§ **REQUIRED WORK**:
Write out the entries exactly. None of the pictures should appear in the copy.

[Stored entries]
*** Begin section ***

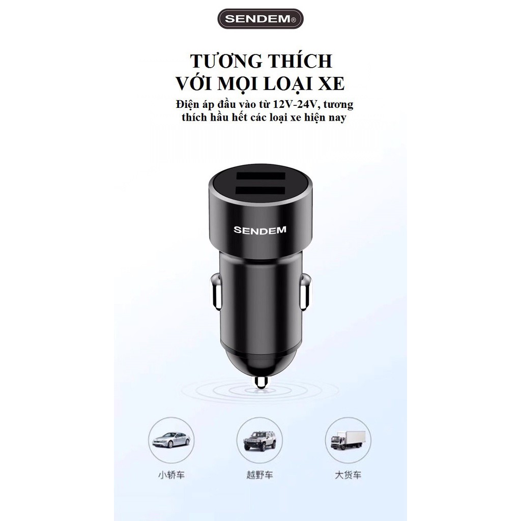 Giới thiệu Tẩu sạc ô tô ❤️FREESHIP❤️ SENDEM D7 kim loại cao cấp 2 cổng USB sạc nhanh - Hàng CHÍNH HÃNG - Bảo hành 1 năm
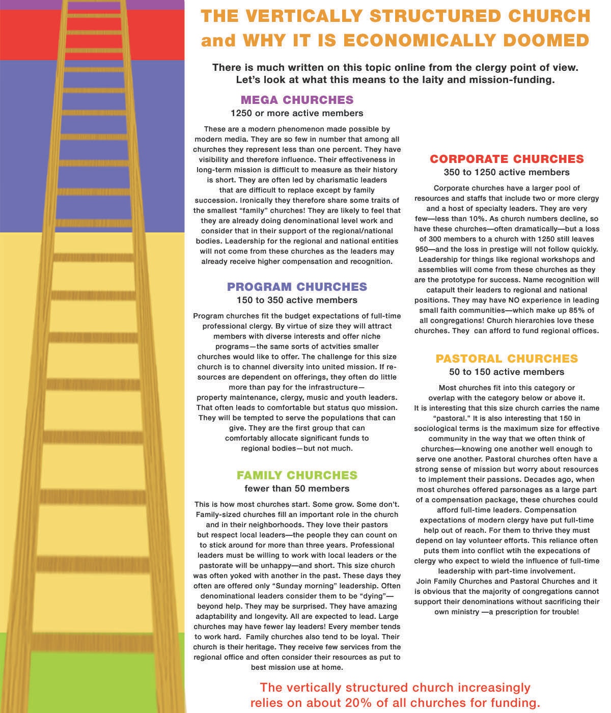 The Vertical Church values big. Big translates economically into more support for centralized services—one of the reasons the Church was structured vertically in the first place. It often ignores the reality that the effectiveness of church mission relies on community, which functions best on a smaller scale—and who today can do a great deal more on their own than they could twenty years ago.
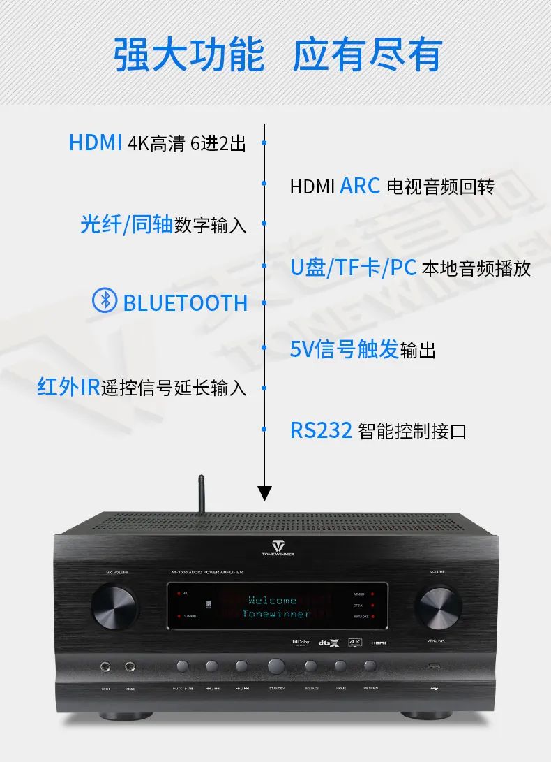 想在強者林立的品牌競爭中擁有一方天地,那么就得有相應(yīng)的實力。慕強時代的來臨,別人的高配,是天逸的標(biāo)配。天逸AT-2000是一款11.2聲道的全景聲影K功放,采用7.2.4解碼,獲得并通過Dolby Atmos(杜比全景聲)、DTS:X(沉浸式音效)、HDMI 2.1技術(shù)認(rèn)證,支持4K超清視頻格式,輕松獲得專業(yè)級的家庭娛樂視聽體驗。支持手機APP連接、藍(lán)牙無損傳輸、U盤/TF卡本地播放,特有9.2.2卡拉OK系統(tǒng),性能強大,操作簡單。是一臺集家庭影院系統(tǒng)、HiFi音樂中心、專業(yè)卡拉OK于一體的“影音超級中心機”。
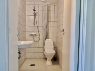 Badeværelset er også nyere i det og har til trods for lejlighedens størrelse separat brus ved siden af toilettet, som mange værdsætter meget.
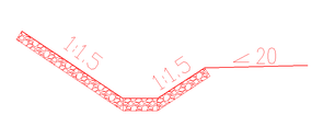 Рисунок 4.5 – Поперечный профиль запроектированной канавы с укреплением дна и откосов щебнем толщиной 0,2 м.
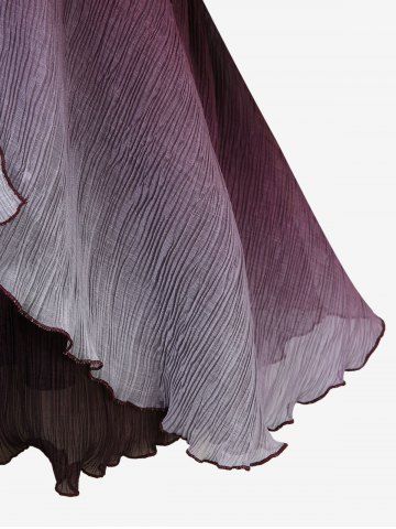 l*****t4Plus Size Ombre Lace-Up Grommets Ruffles Lace Trim Cold Shoulder BlouseColor: PURPLE Size: 3X | US 22-24love the gradient colours of this top, fits nicely, quick delivery
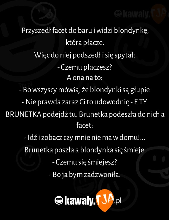 Przyszedł facet do baru i widzi blondynkę, która płacze.
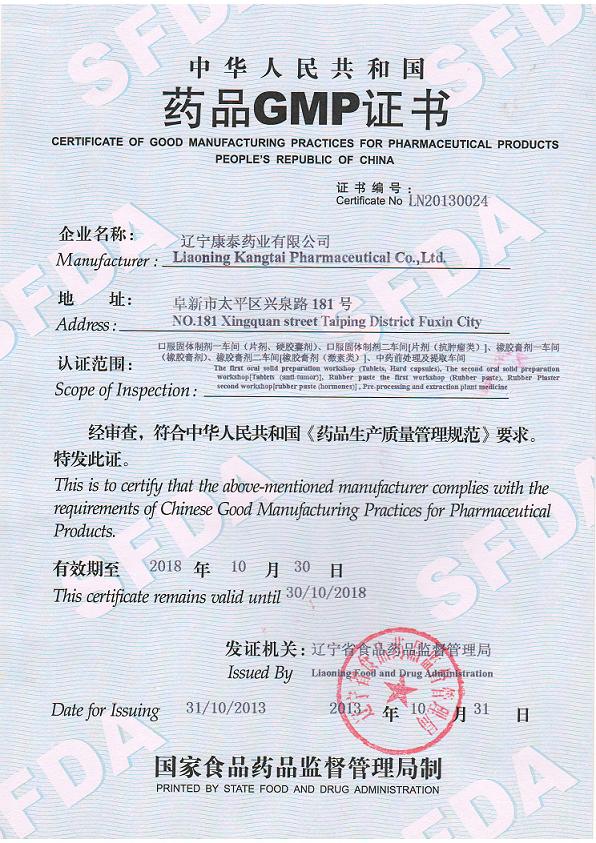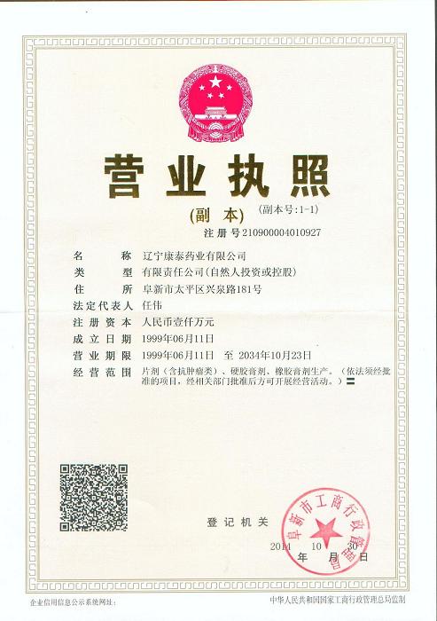 辽宁康泰药业有限公司位于辽宁西部,阜新市细河区东风路93号,占地面积9016平方米,生产及管理均达到了世界卫生组织(WHO)的要求及药品生产质量管理规范(GMP)的标准,并采用国际通行的现代企业管理制度运营管理。二〇〇三年十一月四日原阜新市第二制药厂(第二制药厂始建于一九八六年六月二十日)更名为辽宁康泰药业有限公司。我公司是以硬膏、胶囊、片剂、抗肿瘤单一生产线为主的综合制药企业。
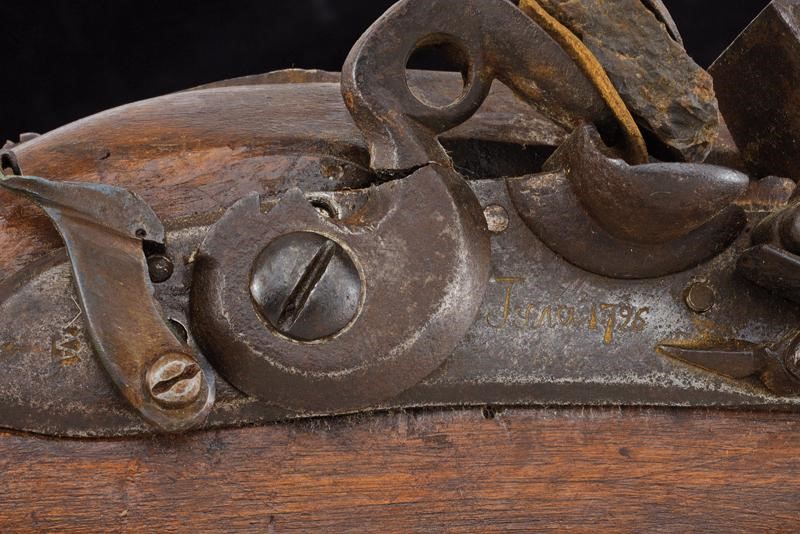 Large and short, two-stage, octagonal and round, iron barrel, 27.9 mm cal. at the nozzle (!). Moulding with rear sight at the breech; probably from early 18th century. Military lock marked "TULA" in Cyrillic and dated "1796", with external safety lock. A crack on the hammer throw. Stock probably from the 19th century but in 17th century style, similar to the archibugi type. Iron mounts and ramrod.
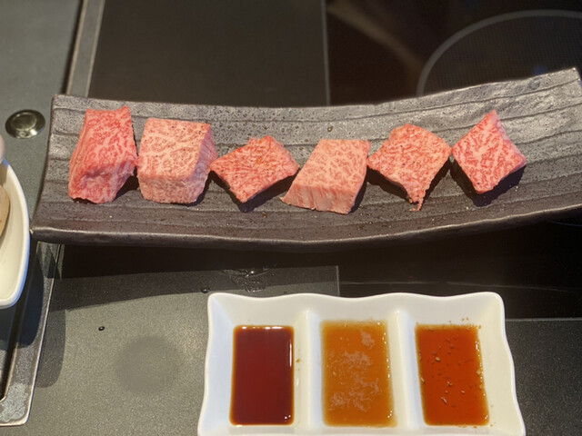 特上は霜降りをご提供いたします。 厚切りの肉をお好きな焼き加減でお召し上がりください。

*** End section ***

§ **WRITTEN REPLY**:
 Giới thiệu Tẩu sạc ô tô ❤️FREESHIP❤️ SENDEM D7 kim loại cao cấp 2 cổng USB sạc nhanh - Hàng CHÍNH HÃNG - Bảo hành 1 năm
 The Vertical Church values big. Big translates economically into more support for centralized services—one of the reasons the Church was structured vertically in the first place. It often ignores the reality that the effectiveness of church mission relies on community, which functions best on a smaller scale—and who today can do a great deal more on their own than they could twenty years ago.
 想在強者林立的品牌競爭中擁有一方天地,那么就得有相應(yīng)的實力。慕強時代的來臨,別人的高配,是天逸的標(biāo)配。天逸AT-2000是一款11.2聲道的全景聲影K功放,采用7.2.4解碼,獲得并通過Dolby Atmos(杜比全景聲)、DTS:X(沉浸式音效)、HDMI 2.1技術(shù)認(rèn)證,支持4K超清視頻格式,輕松獲得專業(yè)級的家庭娛樂視聽體驗。支持手機APP連接、藍(lán)牙無損傳輸、U盤/TF卡本地播放,特有9.2.2卡拉OK系統(tǒng),性能強大,操作簡單。是一臺集家庭影院系統(tǒng)、HiFi音樂中心、專業(yè)卡拉OK于一體的“影音超級中心機”。
 Badeværelset er også nyere i det og har til trods for lejlighedens størrelse separat brus ved siden af toilettet, som mange værdsætter meget.
 Рисунок 4.5 – Поперечный профиль запроектированной канавы с укреплением дна и откосов щебнем толщиной 0,2 м.
 l*****t4Plus Size Ombre Lace-Up Grommets Ruffles Lace Trim Cold Shoulder BlouseColor: PURPLE Size: 3X | US 22-24love the gradient colours of this top, fits nicely, quick delivery
 Przyszedł facet do baru i widzi blondynkę, która płacze.
 辽宁康泰药业有限公司位于辽宁西部,阜新市细河区东风路93号,占地面积9016平方米,生产及管理均达到了世界卫生组织(WHO)的要求及药品生产质量管理规范(GMP)的标准,并采用国际通行的现代企业管理制度运营管理。二〇〇三年十一月四日原阜新市第二制药厂(第二制药厂始建于一九八六年六月二十日)更名为辽宁康泰药业有限公司。我公司是以硬膏、胶囊、片剂、抗肿瘤单一生产线为主的综合制药企业。
 Large and short, two-stage, octagonal and round, iron barrel, 27.9 mm cal. at the nozzle (!). Moulding with rear sight at the breech; probably from early 18th century. Military lock marked "TULA" in Cyrillic and dated "1796", with external safety lock. A crack on the hammer throw. Stock probably from the 19th century but in 17th century style, similar to the archibugi type. Iron mounts and ramrod.
 特上は霜降りをご提供いたします。 厚切りの肉をお好きな焼き加減でお召し上がりください。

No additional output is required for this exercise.